На пристани Оскар не задержался и лишней секунды. Он боялся, что граф раздумает и помчится за ним. Быстрым шагом он вышел к дороге, но долго ловил такси, а когда, наконец, поймал, увидел Эрни на заднем сидении. Оскар сделал вид, что не заметил юного графа. У него не осталось ни сил, ни желания воспитывать мальчишку.

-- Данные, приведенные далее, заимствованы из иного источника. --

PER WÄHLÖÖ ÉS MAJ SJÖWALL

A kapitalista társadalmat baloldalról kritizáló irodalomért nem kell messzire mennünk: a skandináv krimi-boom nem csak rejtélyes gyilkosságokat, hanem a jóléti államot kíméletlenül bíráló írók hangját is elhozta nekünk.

Шофер привез их к двери закрытого магазина, похожего на разграбленный винный погреб: драные стены, тесные комнатушки, подвал, заваленный фрагментами манекенов и отслужившим век торговым инвентарем. Им не сразу открыли дверь. Рабочие, белившие стены, не понимали английский. К слову сказать, они и французский понимали с трудом, просто один из них слез со стремянки и взялся проводить гостей до двери кабинета, где грустный Даниель сидел на сундуке перед стопкой бумаг и созерцал, как по стене ползет мохнатый, жирный паук.

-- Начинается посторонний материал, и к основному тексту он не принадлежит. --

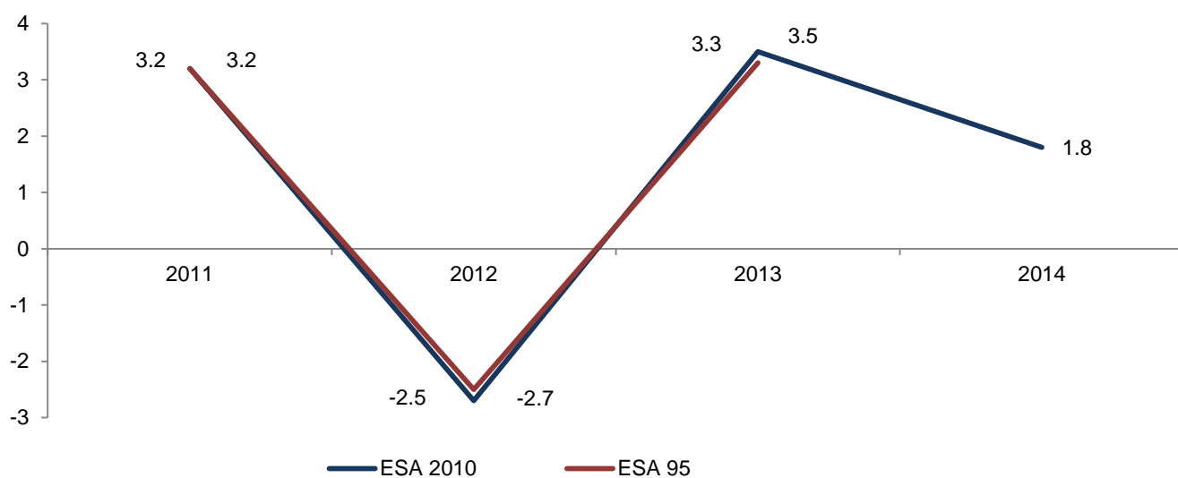
Tabela 1. Bruto domaći proizvod
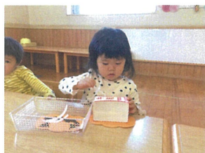
廃材を使った製作の仕上げです。両面テープを剥がして、カボチャを見るよ～!! 1・2・3・パッ♡
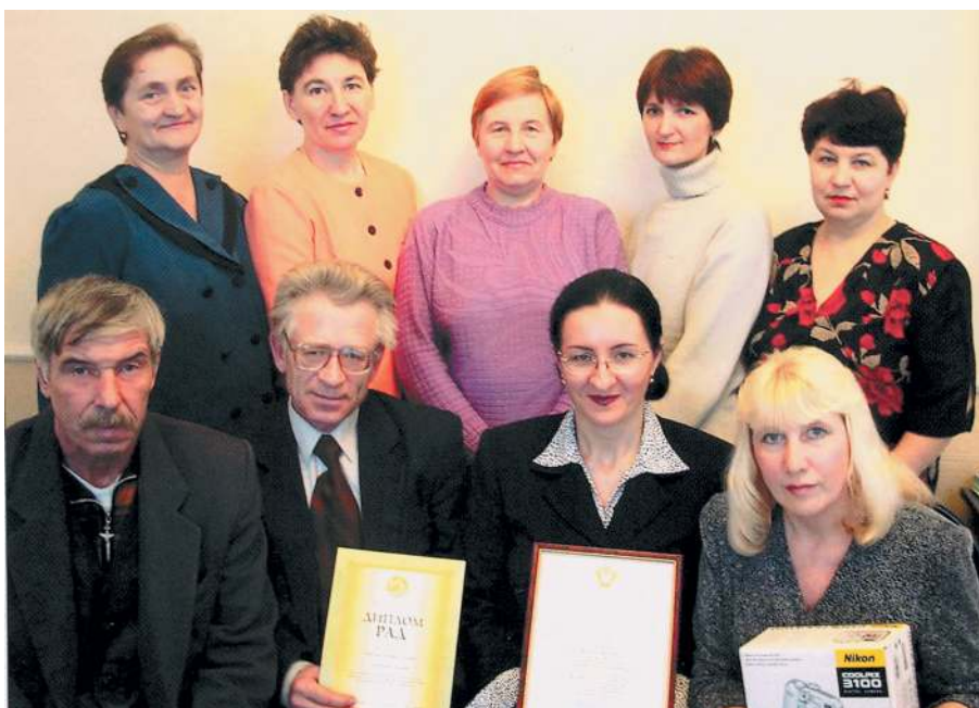
2003 год. Газета заняла третье место во Всероссийском конкурсе на лучшее освещение аграрной темы и жизни российского села.

Как-то предновогодним декабрем в Ишиме собрался первый зональный слет юных корреспондентов. И так получилось, что событие это оказалось ярким и неординарным, и его решили сделать традиционным. А в январе, на ежегодном бале прессы, он
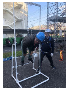
新井崎玉桶川支部長が体験。胴ベルトではみるみる首が真っ赤に。

— Все надоело, — сказал Даниель. — Возвращаюсь в Париж. Там постоянная клиентура, а здесь что? Проходной двор. Нет, это была глупая идея, продать парижскую лавку.

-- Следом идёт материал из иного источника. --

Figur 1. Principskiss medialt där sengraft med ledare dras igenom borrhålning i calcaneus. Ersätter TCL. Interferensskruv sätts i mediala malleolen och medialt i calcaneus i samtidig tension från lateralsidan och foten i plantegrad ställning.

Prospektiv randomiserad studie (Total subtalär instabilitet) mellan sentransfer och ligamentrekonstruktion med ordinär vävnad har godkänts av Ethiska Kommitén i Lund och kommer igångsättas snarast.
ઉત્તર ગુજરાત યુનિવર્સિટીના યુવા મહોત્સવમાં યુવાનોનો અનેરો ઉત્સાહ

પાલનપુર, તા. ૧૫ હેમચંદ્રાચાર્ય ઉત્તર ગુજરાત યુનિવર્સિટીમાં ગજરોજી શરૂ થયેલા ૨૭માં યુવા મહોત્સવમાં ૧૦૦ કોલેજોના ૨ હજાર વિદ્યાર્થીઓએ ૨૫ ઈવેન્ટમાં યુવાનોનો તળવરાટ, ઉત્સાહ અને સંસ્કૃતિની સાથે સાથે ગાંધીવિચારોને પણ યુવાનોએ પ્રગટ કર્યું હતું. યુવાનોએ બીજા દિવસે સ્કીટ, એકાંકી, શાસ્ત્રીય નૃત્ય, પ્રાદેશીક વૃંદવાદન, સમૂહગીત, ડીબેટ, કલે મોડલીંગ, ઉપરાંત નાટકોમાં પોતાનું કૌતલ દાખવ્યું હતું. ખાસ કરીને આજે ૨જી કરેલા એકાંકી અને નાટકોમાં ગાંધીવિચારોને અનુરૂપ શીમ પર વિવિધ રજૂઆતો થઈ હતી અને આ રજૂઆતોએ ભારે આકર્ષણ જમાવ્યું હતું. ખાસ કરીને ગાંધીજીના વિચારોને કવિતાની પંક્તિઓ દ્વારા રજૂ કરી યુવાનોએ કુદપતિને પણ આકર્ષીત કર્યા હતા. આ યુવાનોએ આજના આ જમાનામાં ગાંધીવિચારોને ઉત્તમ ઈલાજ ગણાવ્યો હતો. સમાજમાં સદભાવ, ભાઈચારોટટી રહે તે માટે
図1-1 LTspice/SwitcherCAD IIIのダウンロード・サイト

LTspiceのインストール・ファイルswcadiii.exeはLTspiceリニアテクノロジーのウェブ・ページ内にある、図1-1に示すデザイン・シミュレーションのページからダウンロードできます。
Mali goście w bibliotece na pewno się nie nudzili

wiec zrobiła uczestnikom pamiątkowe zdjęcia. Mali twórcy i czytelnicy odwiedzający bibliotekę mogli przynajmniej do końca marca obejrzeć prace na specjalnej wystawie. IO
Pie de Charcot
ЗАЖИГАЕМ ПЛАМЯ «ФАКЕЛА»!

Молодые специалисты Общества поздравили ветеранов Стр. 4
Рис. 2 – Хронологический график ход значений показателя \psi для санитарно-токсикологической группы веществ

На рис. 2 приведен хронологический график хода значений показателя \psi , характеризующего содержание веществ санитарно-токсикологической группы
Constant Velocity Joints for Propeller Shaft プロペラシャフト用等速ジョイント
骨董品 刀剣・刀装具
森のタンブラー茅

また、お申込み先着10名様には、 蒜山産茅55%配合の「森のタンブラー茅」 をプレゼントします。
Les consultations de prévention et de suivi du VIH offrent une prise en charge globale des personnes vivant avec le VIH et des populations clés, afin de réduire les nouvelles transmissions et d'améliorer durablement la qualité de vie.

— Я привез лекарство для Лизы.
— Хорошо.
— Что случилось? Ты разорился? Имущество идет с молотка? Тебя осаждают кредиторы?
— Хуже, — ответил Даниель. — Я разочаровался в жизни.
— Я тоже.
Даниель вопросительно посмотрел на Оскара, но вопрос задать не успел, потому что Эрнест открыл дверь.
— Подожди в коридоре! — сказал Оскар, и дверь закрылась, но разговор не возобновился. Даниель загрустил на развалинах будущего директорского кабинета. Он привез из Парижа осеннюю коллекцию, но не распаковал ни одной коробки. Рабочие залили их белой краской, закрыли в одной из подвальных коморок и потеряли ключ. — Едем, — предложил Оскар. — Надо проверить вакцину.
— Куда?
— К Ханту твоему, куда же?
— Хант в Калифорнии. Продал дом и уехал.
— Давно?
— Уж с полгода.
— Зачем же он писал Серафиме?
— Это я написал письмо, — признался грустный хозяин бутика. — Соскучился. Серенького захотелось повидать.
— А Лиза где? — испугался Оскар. — В приюте?
— Нет, с ее проблемами в приют не берут.
— Отослал в Калифорнию?
— И отцу не нужны проблемы. Сначала он хотел их забрать, но потом передумал. Человеку свойственно менять решение. Разве нет? Хант считает, что заслужил свое место в аду. Никакие благие поступки ему не помогут, стало быть, не стоит выпендриваться. Можно расслабиться и дальше получать от жизни удовольствия. Чтобы приютить ребенка с проблемой, надо иметь хотя бы жилье, а от имущества Юргена угла не осталось. Все ушло. Мало того, у нашего героя не осталось ни грамма совести.